» Data extract
********************

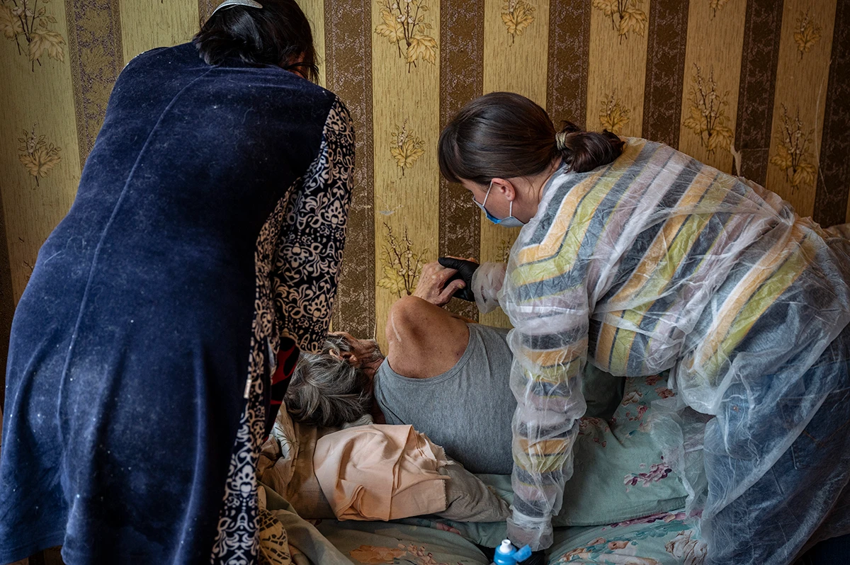 Наша следующая остановка — дом в селе Петровское, здесь нужна помощь в помывке пациента с ампутированной ногой. О своем приезде в эту семью бригада всегда предупреждает заранее, чтобы жена могла с утра растопить печь и нагреть воду. Пока Наталья и Елена делают все регулярные проверки — давление, дыхание, сатурация, Костя с женой пациента готовят все в ванной. Манипуляции максимально бережные. Когда помощь больше не требуется, пациента с женой оставляют наедине, чтобы потом помочь пересадить в кресло. Даже разговоры становятся медленнее и спокойнее, пока бригада за работой.
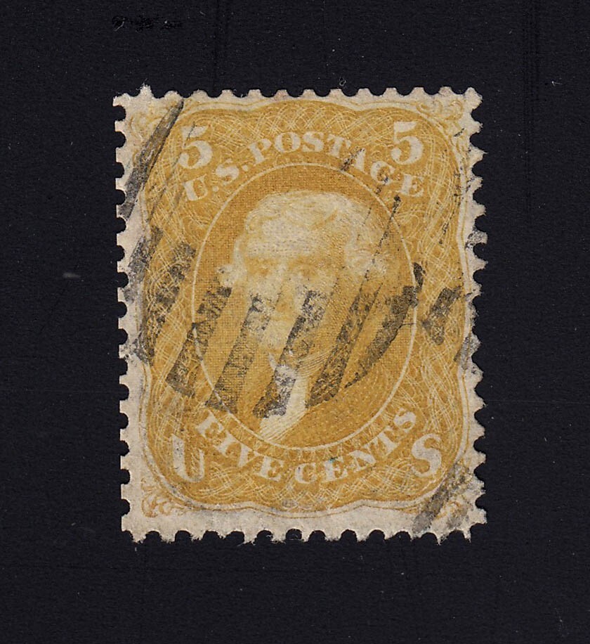 Scott #67 5c Jefferson Buff USED - Small Tear Bottom
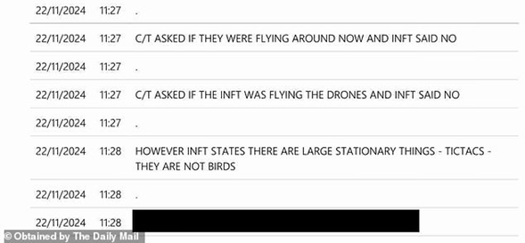 imageLos registros obtenidos por el Daily Mail muestran que un ‘informante’ describió lo que vio alrededor de la base aérea como ‘objetos grandes y fijos: tictacs’.

********************

The line containing "Scott #67 5c" and every line after it, up to the last line of the data, should be returned exactly, without the pictures.

» Reply
 Scott #67 5c Jefferson Buff USED - Small Tear Bottom
 imageLos registros obtenidos por el Daily Mail muestran que un ‘informante’ describió lo que vio alrededor de la base aérea como ‘objetos grandes y fijos: tictacs’.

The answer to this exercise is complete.